Саженко протрезвел и вытянулся. Поднялся Доброславин, за ним встал растерянный Митчелл.
— Я вас предупреждал, товарищ Саженко, — резал Мочалов, и на щеках у него вздулись желваки, — пеняйте теперь на себя. Немедленно по возвращении в Союз пойдете под суд.
— Есть под суд, — хмуро повторил Саженко, надевая китель.
Мочалов, не слушая, взял со стола обе бутылки и сунул в карман.
— Отправиться сейчас же по своим номерам, и будете оба считаться под домашним арестом. Из номеров носа не показывать. Это преступление, товарищи командиры. В чужой стране, при иностранце, в тот день, когда правительство наградило нас величайшей наградой, напиться как свиньи и напоить подчиненного.
— Какая награда, товарищ командир? — тихо спросил Доброславин. Он не был пьян, а сейчас был взволнован и растерян.

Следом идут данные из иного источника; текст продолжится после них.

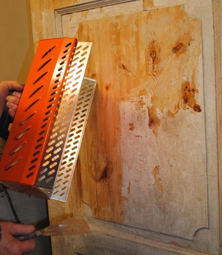 Die IR-Strahlung des Spotheaters löst die alte Farbe von der Oberfläche, wodurch das Abziehen der Farbschicht extrem einfach wird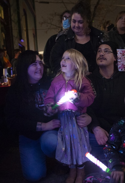 BEA AHBECK/Daily Courier Step-mom Jenson Dion with Zinnia Stenger, 6, watch Santa via zoom during the Christmas tree lighting event in Grants Pass Fri. Dec. 3, 2021.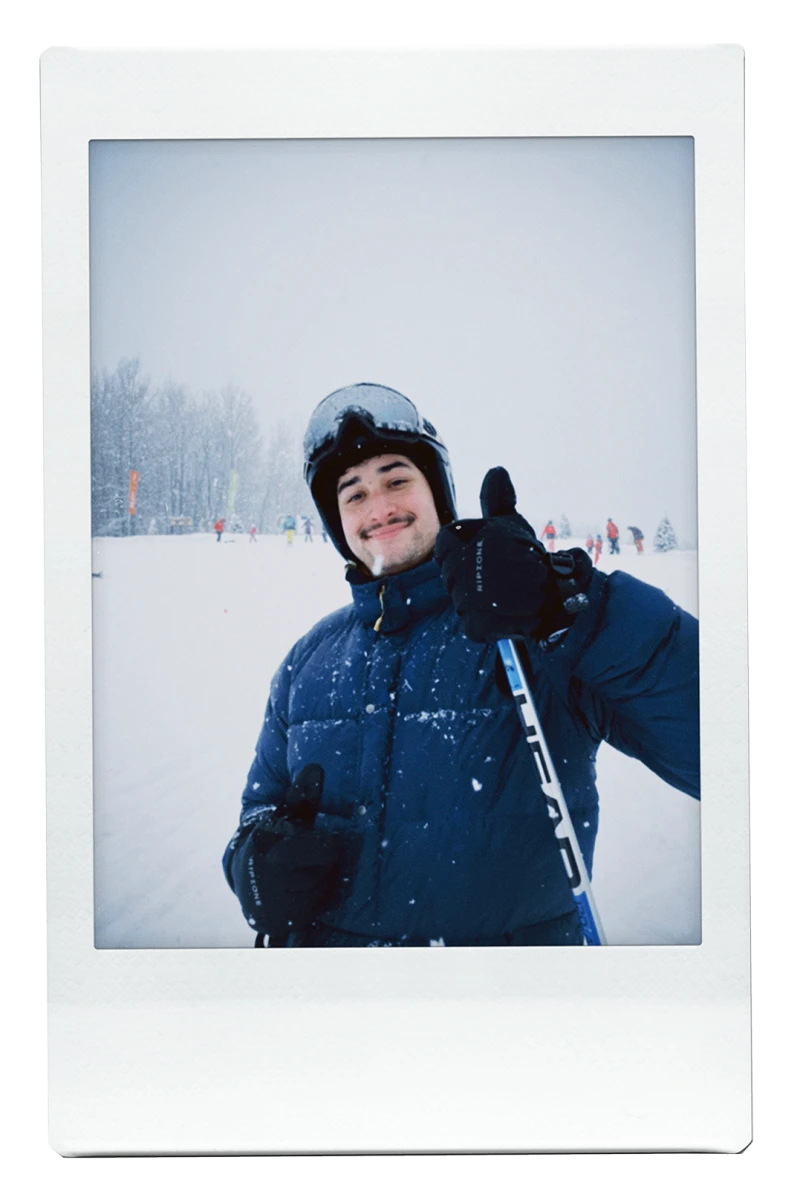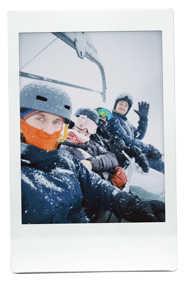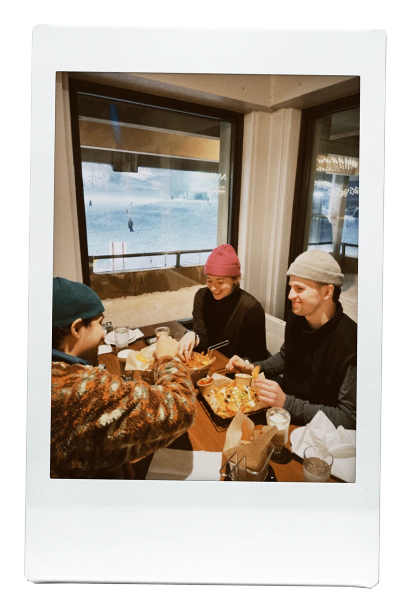 Avec une vue sur les pentes et les arbres enneigés, on trinque à la santé de Keenan, notre ami qui a ajouté une nouvelle corde à son arc! Fier, il nous annonce qu’il a déjà hâte à sa prochaine sortie de ski.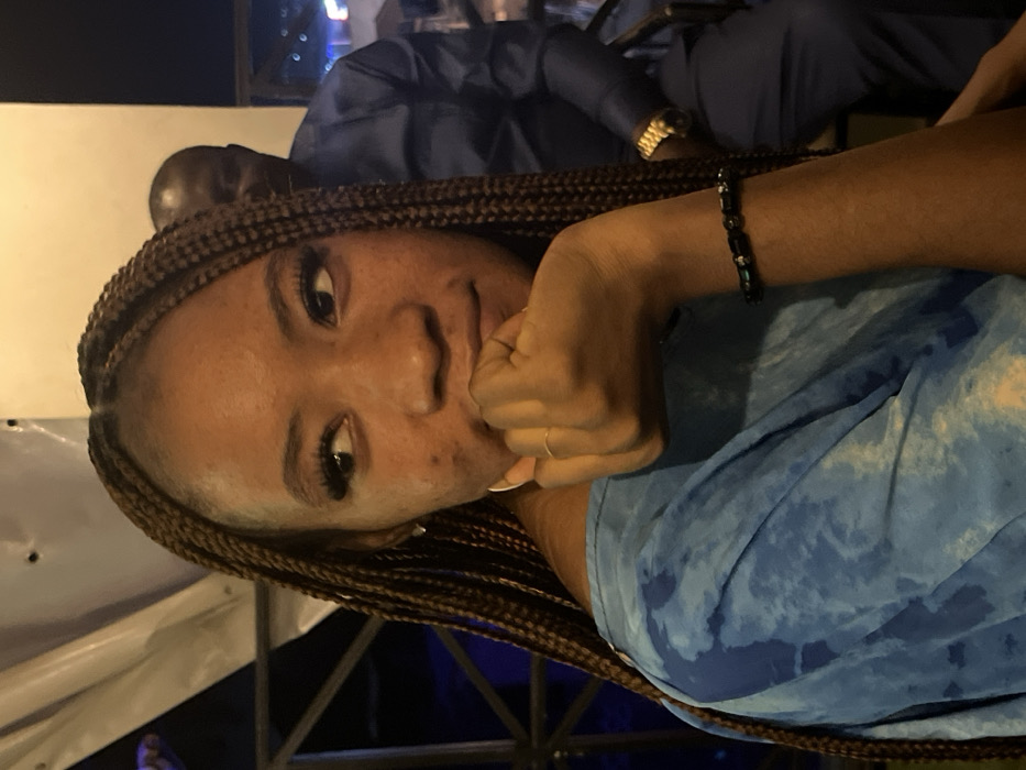 A dark-skinned woman with braided hair is resting her chin on her fist, gazing directly at the viewer. She wears a blue tie-dye shirt and a bracelet made of dark beads. Behind her, a man in a blue shirt is visible, wearing a gold watch. The photo seems to have been taken in an outdoor setting, possibly at night, with a hint of city lights in the background.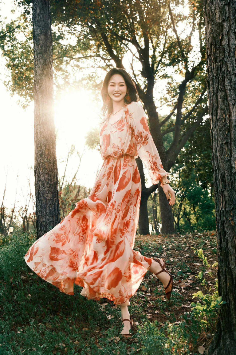 这款长裙以清新淡雅的色调为主,或许是轻盈的雪纺,或许是柔滑的丝绸,材质的选择本身就透露出一种夏日独有的清凉与舒适。而胸前的开叉设计,则是整件裙装的点睛之笔。它巧妙地打破了传统长裙的沉闷与单调,通过适度的肌肤裸露,不仅展现了唐嫣完美的锁骨与颈部线条,更增添了几分性感与神秘。这样的设计,既不失高雅,又充满了现代感,让人不禁为之倾倒。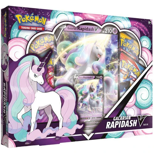 Galarian Rapidash V is known for the devastating Psychic-type attacks it sends out from its long, spiraling horn – and now that power can be yours! Alongside a playable foil promo card featuring this pretty pastel Poké, plus an oversize card suitable for display, you’ll find extra treasures in a handful of Pokémon TCG booster packs. Chase down this forest beauty with the Poké TCG: Galarian Rapidash V Box!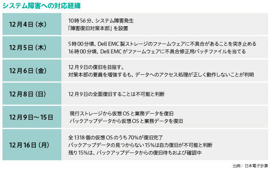JIPによれば、障害発生から12日目の12月16日の段階で、システムの70%が復旧、15%が復旧の見込みありで、残り15%が復旧できるかどうか分からない状態。原因は、Dell EMC製のストレージを制御するファームウェアの不具合。サーバーからストレージに接続できなくなったことで一部システムが停止した。JIPは不具合を修正するパッチファイルをDell EMCから入手し、ストレージの動作は正常に戻ったが、一部データに不整合が発生し、バックアップ先から完全な復旧はできなかったという。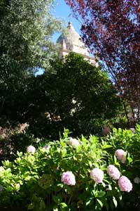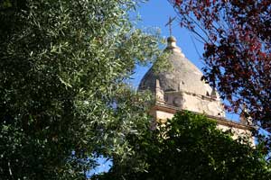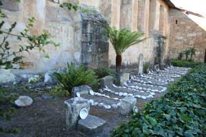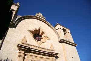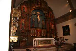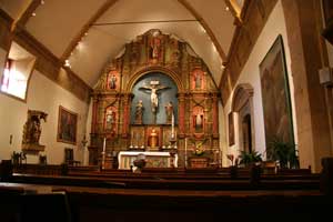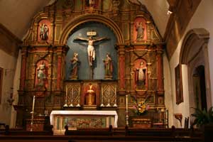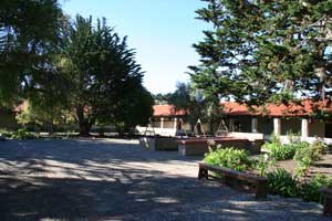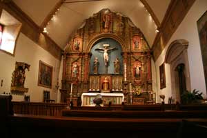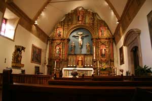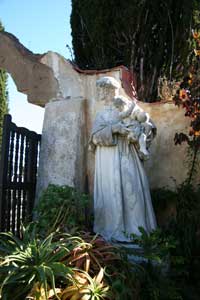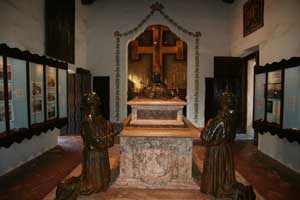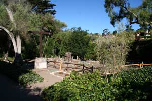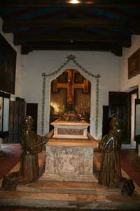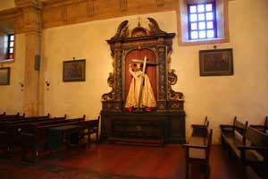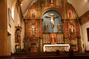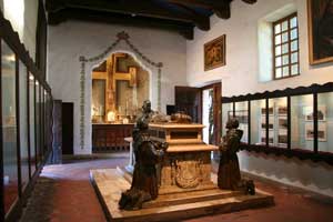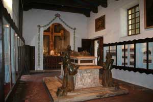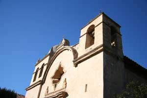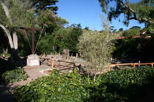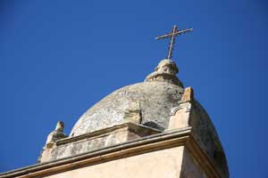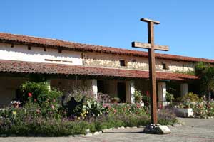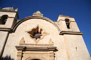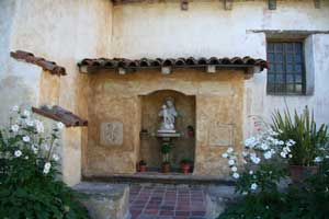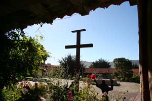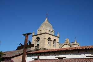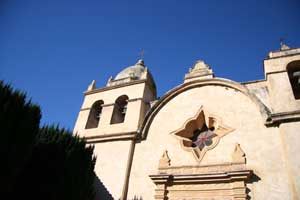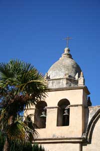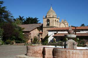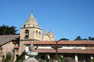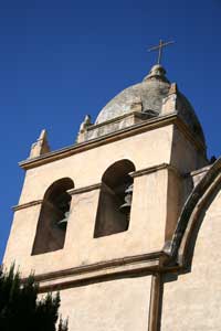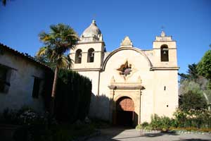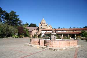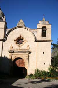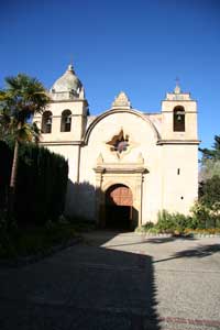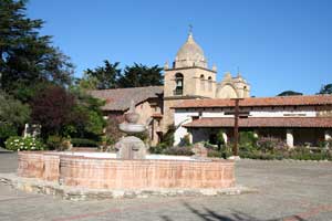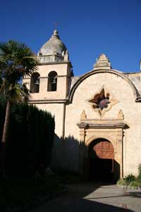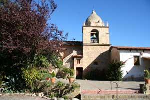 most, was the quadrangle where every door was of a different design. I hope to add photos from our recent visit soon and hope to return again in the fall. HistoryMission San Carlos Borromeo de Carmelo was founded on June 3, 1770 by Father Junipero Serra. It was the second mission established in Alto California. Located on the Monterey Peninsula, a short distance from the City of Monterey, itself, filled with historic sites.San Carlos Borromeo de Carmelo is considered by many to be the most beautiful of the California Missions. It served as Father Serra's headquarters and is where he was buried upon his death in 1784. Originally founded in Monterey, after a year the mission was moved to the Carmel Valley which was closer to the native population and better for agriculture. The church at Mission San Carlos Borromeo de Carmelo took four years to construct and was completed in 1797. It is one of only three stone mission churches in California. Other stone churches are at Mission San Juan Capistrano and Mission Santa Barbara. The church is unusual in that the walls taper inward forming a catenary arch rather than flat as was usual. The Moorish influenced bell tower has an outside stairway. With secularization, all the mission lands were sold off except the church site. The stone church was abandoned, collapsed in 1851, and stood roofless for 30 years. When a new roof was installed in 1884, the pitch was wrong and was not corrected until 1930. The mission became a parish church in 1933 and has been in the process of being restored since. Address and DirectionsRio RoadCarmel, California 93923 Mission San Carlos Borromeo de Carmelo is located at the south end of the small community with the long name, Carmel-by-the-Sea. Exit Highway 1 at Rio Road heading west. After about one mile, the mission is on the left. Mission San Carlos Borromeo de Carmelo is a few miles south of the historic city of Monterey. |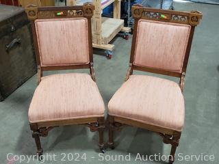Lot #0020: 2 Vintage Victorian Chairs w/Wood Front Casters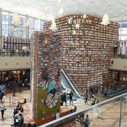 | คำอธิบาย : ห้องสมุด Starfield Library เป็นห้องสมุดในห้างสรรพสินค้า COEX Mall ห้องสมุดแห่งนี้เป็นห้องสมุดเปิดและไม่เสียค่าใช้จ่ายในการเข้าใช้บริการ |

— Прочтите. Может быть, после этого вам станет совершенно ясным безобразие вашего поведения, — презрительно кинул Мочалов, передавая штурману телеграмму.
Доброславин расправил ее на столе. Протрезвевший и унылый Саженко тоже нагнулся над бланком. Спустя минуту он поднял голову, и Мочалов увидел, что по щекам штурмана сбегают слезы.
— Митя, — сказал Саженко жалобно и беспомощно, — Митя, ты не сердись. Если б я знал, что мы герои, я бы капли в рот не взял, честное слово. Я считал, что с нас головы снимут за аварии. С горя и хватил. Думал: семь бед, один ответ.
— Прекратить разговоры, — оборвал Мочалов, — и марш по номерам! Не принимаю никаких оправданий, товарищи командиры.
Саженко опустил голову. Мочалов почувствовал сзади осторожное прикосновение к локтю. Он оглянулся и увидел, что Марков показывает ему глазами на дверь. Раздраженно повернувшись, он вышел.
Марков взял его под руку.
— Послушай-ка, Митя… конечно, ты прав. Надо было дать им хорошую встряску. Но… знаешь… не давай хода этому делу. Свинство и распущенность — двух мнений быть не может, но в конце концов никто из посторонних не видел. Разойдутся, выспятся и придут в себя.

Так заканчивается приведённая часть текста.